*About this exercise*
Below are some records; copy them word for word and drop the pictures.
++++++++++++++++++++
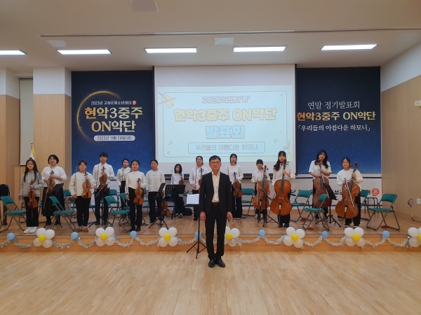 [금요저널] 고성군청소년센터“온”은 11월 24일 모이자홀에서 2023년 현악3중주-ON악단 연말 정기발표회 ‘우리들의 아름다운 하모니’를 성황리에 개최했다고 밝혔다.
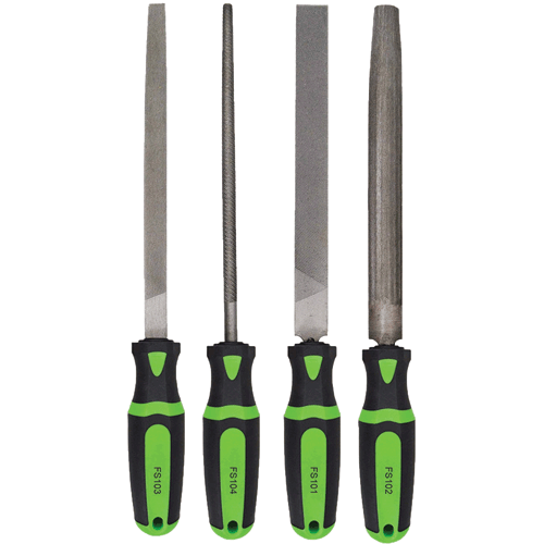 Crafted from high-quality, heat-treated steel, these files are built for durability and long-term use in the toughest workshop environments. The four-piece collection is curated to provide maximum versatility, likely including a combination of essential shapes such as a flat bastard file, round bastard file, half-round bastard file, and triangle bastard file to cover flat surfaces, concave curves, convex curves, and internal corners.
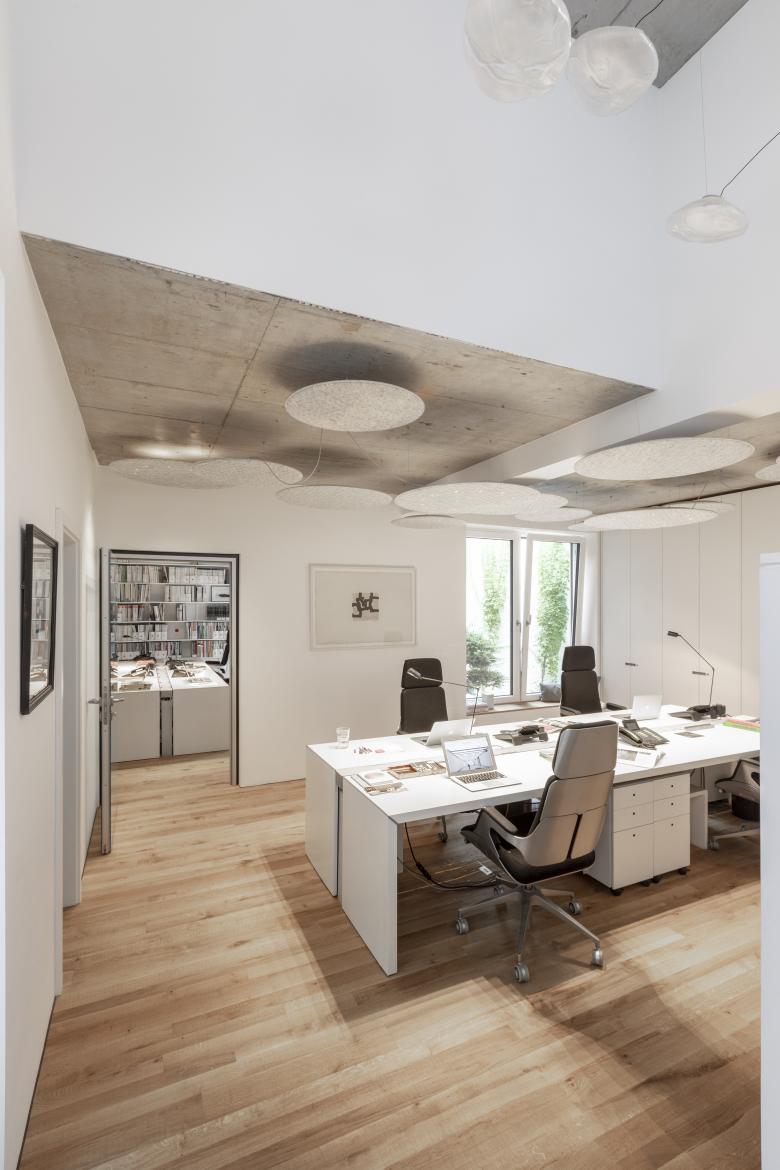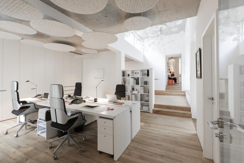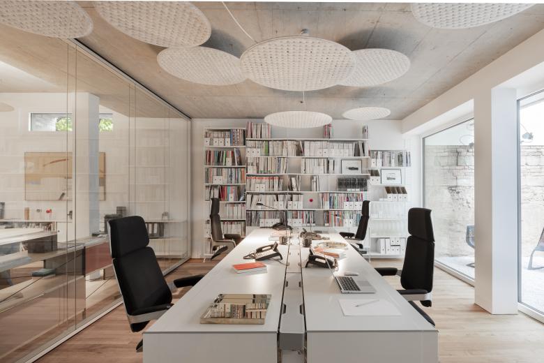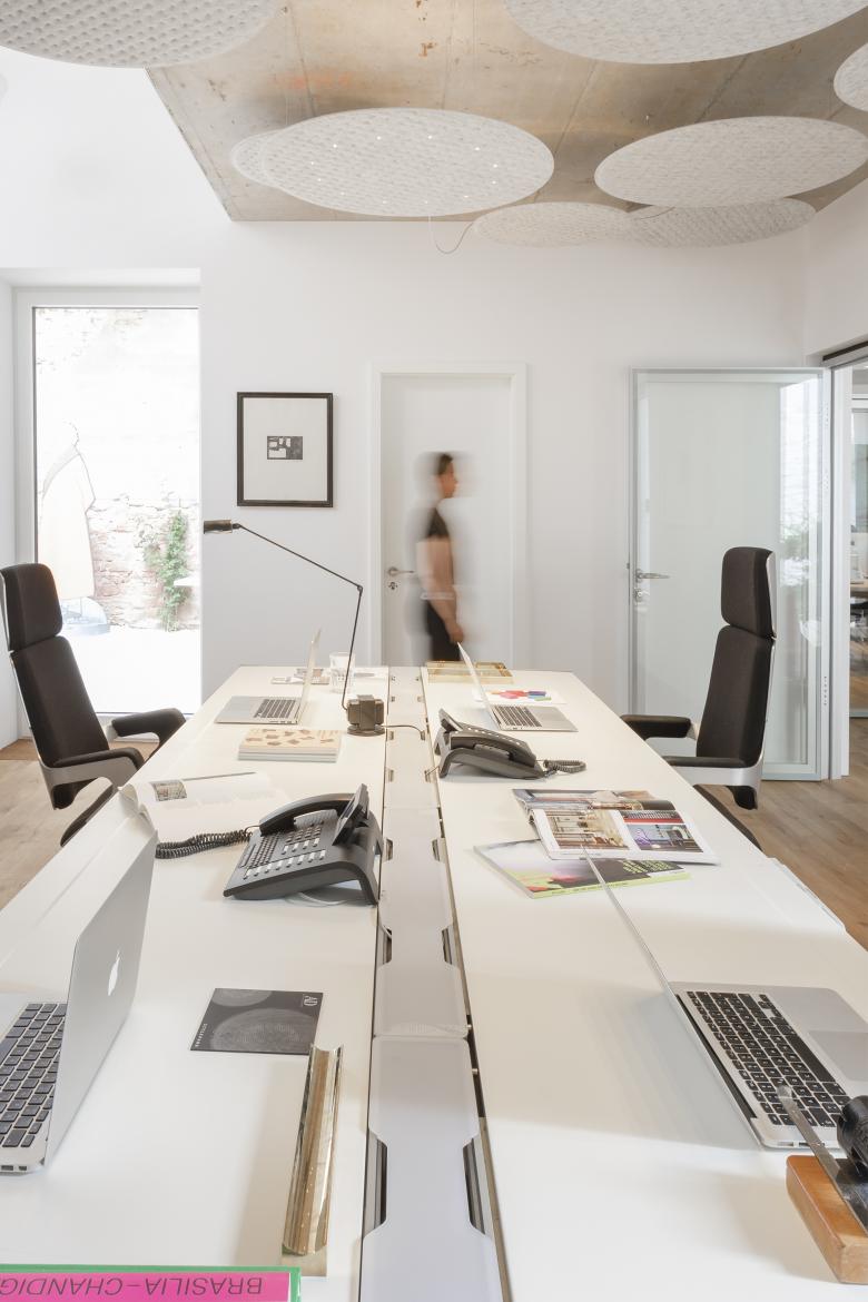 Denkmalgeschützt und parkartig liegt die Anlage um die Kirche Sankt Peter wie eine kleine Oase mitten in der Frankfurter Innenstadt. Von hier aus gut sichtbar, „füllt“ der Neubau für die Architektur- und Designplattform Stylepark den Hinterhof eines bestehenden Wohn- und Geschäftshauses. Dabei bindet er eine historische Friedhofsmauer in die Fassade ein und baut mit seiner geschichteten Ziegeloptik gekonnt eine Brücke zur Gegenwart. „Im Konzeptgedanken stand nicht eine Abgrenzung im Vordergrund, sondern das Weiterbauen und die Akzentuierung der verschiedenen vorhandenen Zeitschichten“, so die Architekten von NKBAK, die das Gebäude mit viel Feingefühl gestalteten. Im Erdgeschoss, in dem sich die Büroräume von Stylepark befinden, haben die Architekten zwei Innenhöfe vorgesehen. Sie dienen bei angenehmem Wetter als Aufenthaltsräume im Freien und ermöglichen gleichzeitig vielfältige Blickbeziehungen. Im Inneren gehen die Mitarbeiter von Stylepark in drei offen gestalteten Bereichen ihrer Arbeit nach. Das Rossoacoustic Pad System und Lighting Pads von Nimbus sorgen hier für Behaglichkeit, indem sie eine optimale Beleuchtungs- und Klangsituation schaffen. Damit setzten sie das Gestaltungsprinzip des Verbindens auch im Kleinen fort: Sie vereinen die Qualitäten eines effizienten Schallabsorbers mit einer brillanten Lichtwirkung. Definierte Raumzonen werden von ihnen bei Bedarf in atmosphärisches Licht getaucht. Gleichzeitig verleihen sie den Sichtbetondecken eine zusätzliche Ebene und Struktur – damit wirken sie als völlig eigenständiges, gestalterisches Element. „Die sehen gut aus, machen prima Licht und sind dabei auch noch akustisch wirksam“ begeistern sich Nicole Kerstin Berganski und Andreas Krawczyk von NKBAK. Franziska Michaelis und Robert Volhard, Vorstände von Stylepark ergänzen: "Die Lighting Pads von Nimbus sind sowohl gestalterisch als auch akustisch die ideale Lösung für unser neues Büro. Sie ergänzen als skulpturales Element die minimalistische Raumarchitektur ohne aufdringlich zu wirken und verbinden Licht und Akustik in perfekter Weise."
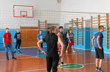 Между учащимися старших классов и выпускниками прошлых лет прошло соревнование по волейболу. -
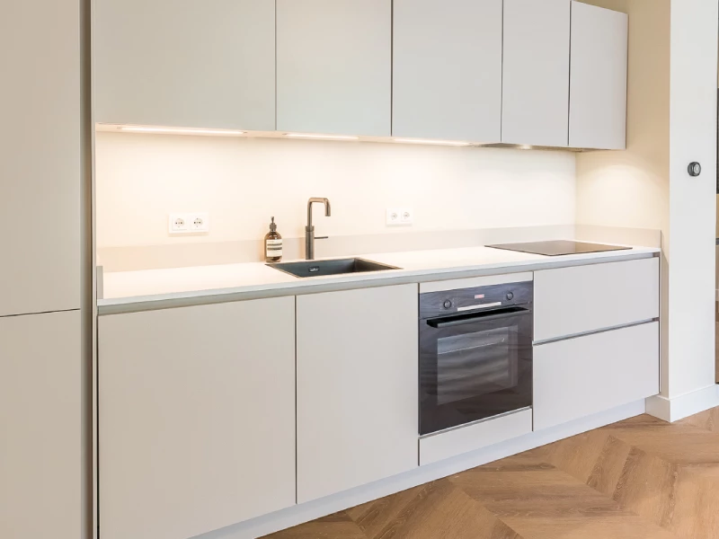 Het is misschien niet het eerste waar je aan denkt, maar het kan wel een grote invloed hebben op de uitstraling van je keuken: de keukenverlichting. Je wil natuurlijk dat je keuken zo mooi mogelijk uitkomt, maar je wil ook wat kunnen zien tijdens het koken. Daarom begin je altijd met de basisverlichting, het gaat hier om de centrale verlichting. Vaak wordt er gekozen voor een plafondlamp. Hierna kun je beslissen welke verlichting je nog toevoegt aan de keuken. Zo kun je extra werkverlichting toevoegen waardoor je bijvoorbeeld het werkblad beter ziet. Maar je kan ook kiezen voor sfeerverlichting, waarmee je dus extra sfeer toevoegt aan de keuken. In deze keuken is er naast de centrale verlichting ook werkverlichting boven het werkblad toegevoegd. Er is gekozen voor ledverlichting die in de kasten zijn geïntegreerd. Je ziet de lampen dus niet zitten, maar geniet wel van de voordelen van de verlichting.
++++++++++++++++++++
*Result of the task*
 [금요저널] 고성군청소년센터“온”은 11월 24일 모이자홀에서 2023년 현악3중주-ON악단 연말 정기발표회 ‘우리들의 아름다운 하모니’를 성황리에 개최했다고 밝혔다.
 Crafted from high-quality, heat-treated steel, these files are built for durability and long-term use in the toughest workshop environments. The four-piece collection is curated to provide maximum versatility, likely including a combination of essential shapes such as a flat bastard file, round bastard file, half-round bastard file, and triangle bastard file to cover flat surfaces, concave curves, convex curves, and internal corners.
 Denkmalgeschützt und parkartig liegt die Anlage um die Kirche Sankt Peter wie eine kleine Oase mitten in der Frankfurter Innenstadt. Von hier aus gut sichtbar, „füllt“ der Neubau für die Architektur- und Designplattform Stylepark den Hinterhof eines bestehenden Wohn- und Geschäftshauses. Dabei bindet er eine historische Friedhofsmauer in die Fassade ein und baut mit seiner geschichteten Ziegeloptik gekonnt eine Brücke zur Gegenwart. „Im Konzeptgedanken stand nicht eine Abgrenzung im Vordergrund, sondern das Weiterbauen und die Akzentuierung der verschiedenen vorhandenen Zeitschichten“, so die Architekten von NKBAK, die das Gebäude mit viel Feingefühl gestalteten. Im Erdgeschoss, in dem sich die Büroräume von Stylepark befinden, haben die Architekten zwei Innenhöfe vorgesehen. Sie dienen bei angenehmem Wetter als Aufenthaltsräume im Freien und ermöglichen gleichzeitig vielfältige Blickbeziehungen. Im Inneren gehen die Mitarbeiter von Stylepark in drei offen gestalteten Bereichen ihrer Arbeit nach. Das Rossoacoustic Pad System und Lighting Pads von Nimbus sorgen hier für Behaglichkeit, indem sie eine optimale Beleuchtungs- und Klangsituation schaffen. Damit setzten sie das Gestaltungsprinzip des Verbindens auch im Kleinen fort: Sie vereinen die Qualitäten eines effizienten Schallabsorbers mit einer brillanten Lichtwirkung. Definierte Raumzonen werden von ihnen bei Bedarf in atmosphärisches Licht getaucht. Gleichzeitig verleihen sie den Sichtbetondecken eine zusätzliche Ebene und Struktur – damit wirken sie als völlig eigenständiges, gestalterisches Element. „Die sehen gut aus, machen prima Licht und sind dabei auch noch akustisch wirksam“ begeistern sich Nicole Kerstin Berganski und Andreas Krawczyk von NKBAK. Franziska Michaelis und Robert Volhard, Vorstände von Stylepark ergänzen: "Die Lighting Pads von Nimbus sind sowohl gestalterisch als auch akustisch die ideale Lösung für unser neues Büro. Sie ergänzen als skulpturales Element die minimalistische Raumarchitektur ohne aufdringlich zu wirken und verbinden Licht und Akustik in perfekter Weise."
 Между учащимися старших классов и выпускниками прошлых лет прошло соревнование по волейболу. -
 Het is misschien niet het eerste waar je aan denkt, maar het kan wel een grote invloed hebben op de uitstraling van je keuken: de keukenverlichting. Je wil natuurlijk dat je keuken zo mooi mogelijk uitkomt, maar je wil ook wat kunnen zien tijdens het koken. Daarom begin je altijd met de basisverlichting, het gaat hier om de centrale verlichting. Vaak wordt er gekozen voor een plafondlamp. Hierna kun je beslissen welke verlichting je nog toevoegt aan de keuken. Zo kun je extra werkverlichting toevoegen waardoor je bijvoorbeeld het werkblad beter ziet. Maar je kan ook kiezen voor sfeerverlichting, waarmee je dus extra sfeer toevoegt aan de keuken. In deze keuken is er naast de centrale verlichting ook werkverlichting boven het werkblad toegevoegd. Er is gekozen voor ledverlichting die in de kasten zijn geïntegreerd. Je ziet de lampen dus niet zitten, maar geniet wel van de voordelen van de verlichting.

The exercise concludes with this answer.